Managing Director, Vero Liability

What has 2019 been like for your business? It’s been a good year, as at mid-November anyway. Liability lines don’t generally suffer sudden, catastrophic events, so absent that it has been pretty much business as usual, although with some increase in demand for VL capacity as market appetite dictates in some areas (particularly D&O) receded.

What have been the biggest challenges? No really big challenges this year, but getting the message out around statutory liability, health and safety claims and risk management has been a focus, as well as highlighting design and building product risks emerging in the construction sector.

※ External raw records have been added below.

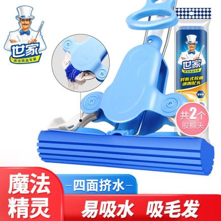 商品名称:世家 海绵拖把免手洗懒人吸水对折胶棉拖布地拖家用一拖净墩布 共2个头
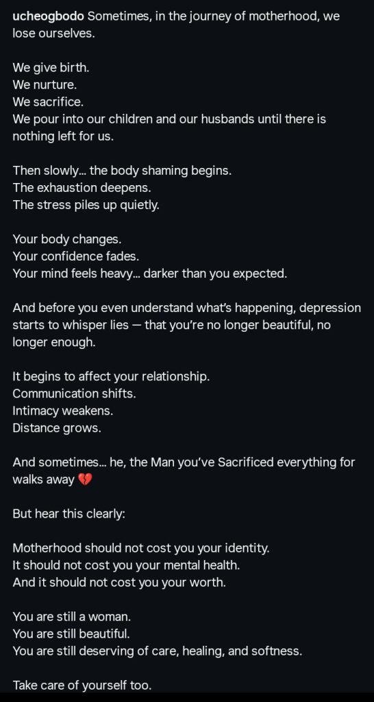“Motherhood should not cost you your identity” – Uche Ogbodo urges moms to care for themselves
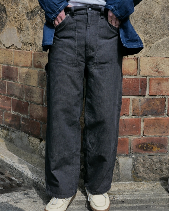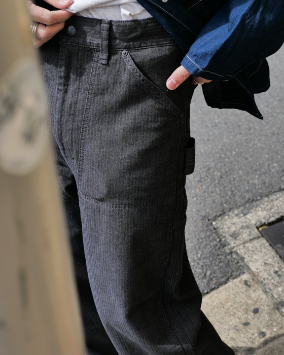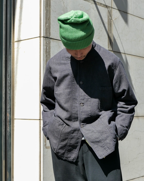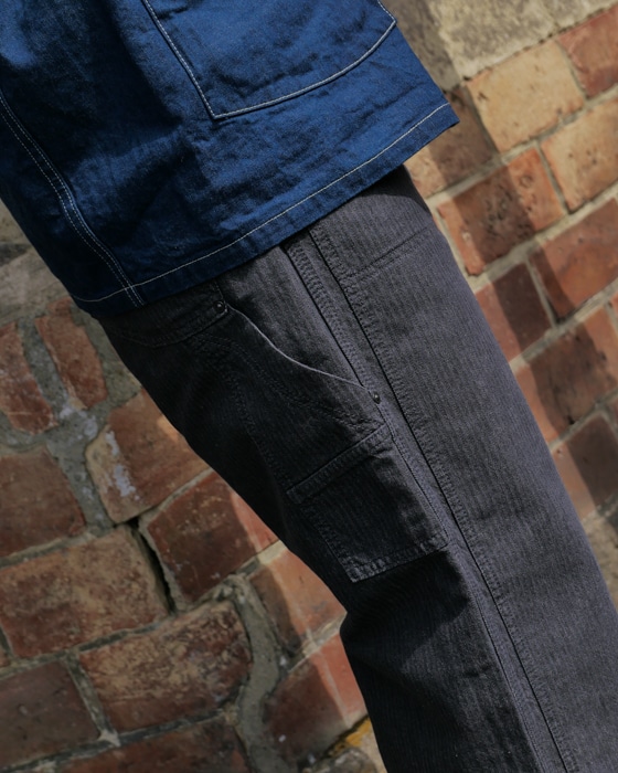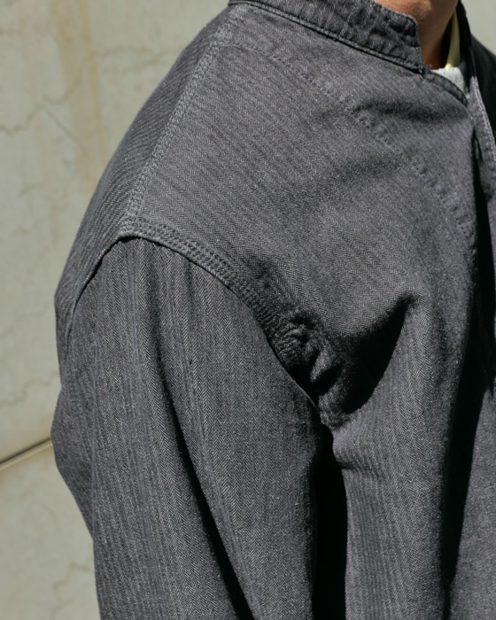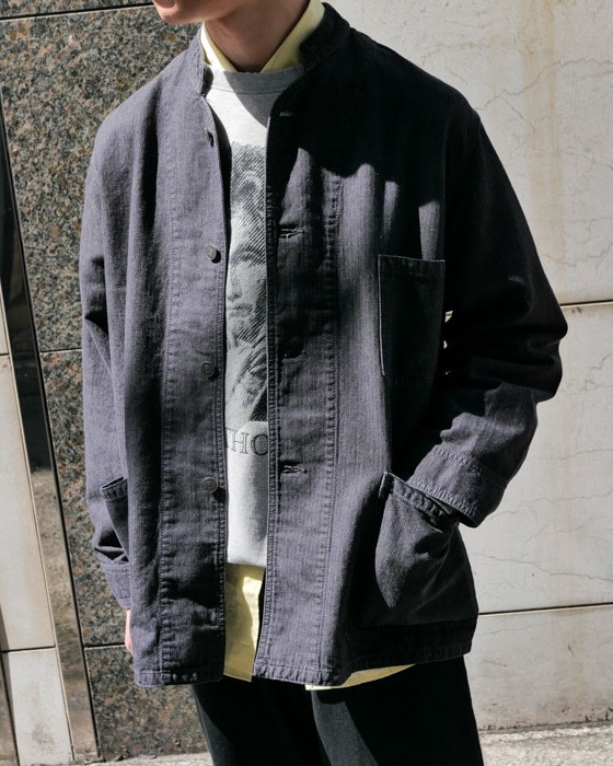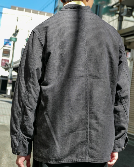 コットン×ヘンプでヘリンボーン組織なヒッコリーストライプカバーオール。
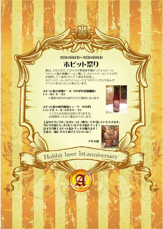 が発売して1周年!!! そこで1周年を記念し、ホビットビール、ホビットシェーク2つのドリンクにちなんだ イベントを行いたいと考えています。 実は、5月2日で、アカシウス寄宿舎学園オリジナルビール 『ホビット族の爽麗ビール』(略して、ホビットビール)が発売して1周年! そこで1周年を記念し、ホビットビール、ホビットシェーク2つのドリンクにちなんだ イベントを行いたいと思います! ホビット族の爽麗ビール 500円(特別価格) 200円引き (ゴールド ビール) ※通常700円が500円でのご提供になります ホビット族の疲労回復シェーク 600円 (ノンアルコール・ミルルセーキ) ※こちらは生徒が必死に作りますが…、お時間をいただく場合がございます。 上記のドリンクをご注文につき、1枚カードを引いていただきます。 当たりが出たら、入口にいるアルボ君とチェキ! はずれ5枚でホビット君とチェキが撮れます! 生徒も一緒に入れてあげてくださいね! 入口のホビット族のアルボ君
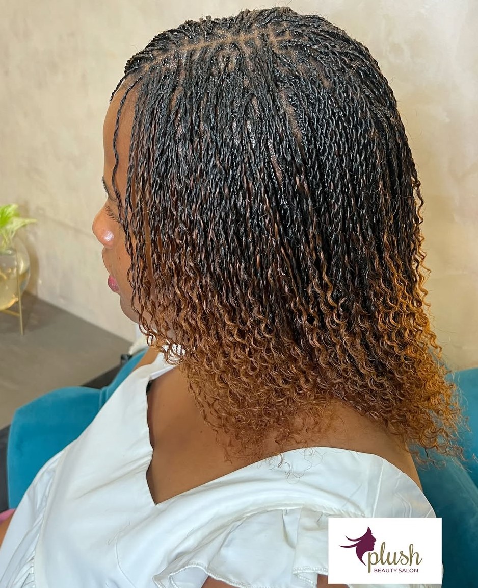 Micro braiding can take on many, many forms (one of its best characteristics), with short, cropped cuts being one of them. Playing with color safely is also among the perks!
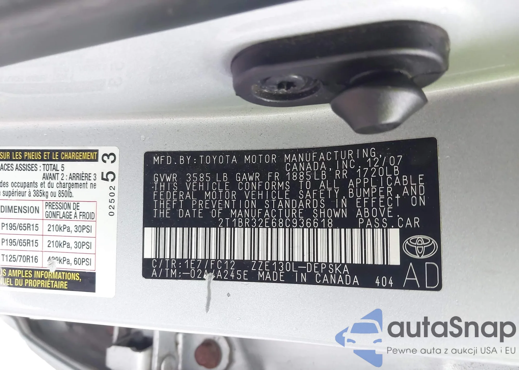 • VIN 2T1BR32E68C936618

What’s been the biggest change over the year? Probably a notable new focus over the year for the industry is around the learnings coming out of the Hayne Commission in Australia and the Reserve Bank and FMA’s conduct and culture inquiries in New Zealand. Although real change is yet to hit the ground in the general insurance industry, it is clear that there will need to be increased commitment from insurers and brokers to ensuring that insurance buyers get insurance products they understand.

What have you most enjoyed? Enjoyed might not be quite the right word, but I have been very happy to observe the discipline coming into parts of the Lloyds market arising out of Lloyds requirements for syndicates to file realistic business plans.

What do you expect to be the biggest trend your business experiences over 2020? D&O insurance for public companies will continue to be challenging. Customer conduct compliance will be to the fore for all market participants including VL.

What’s the biggest opportunity? The biggest opportunity will continue to be winning and retaining clients by providing great products and great service at reasonable price.

What are you most looking forward to? 2020!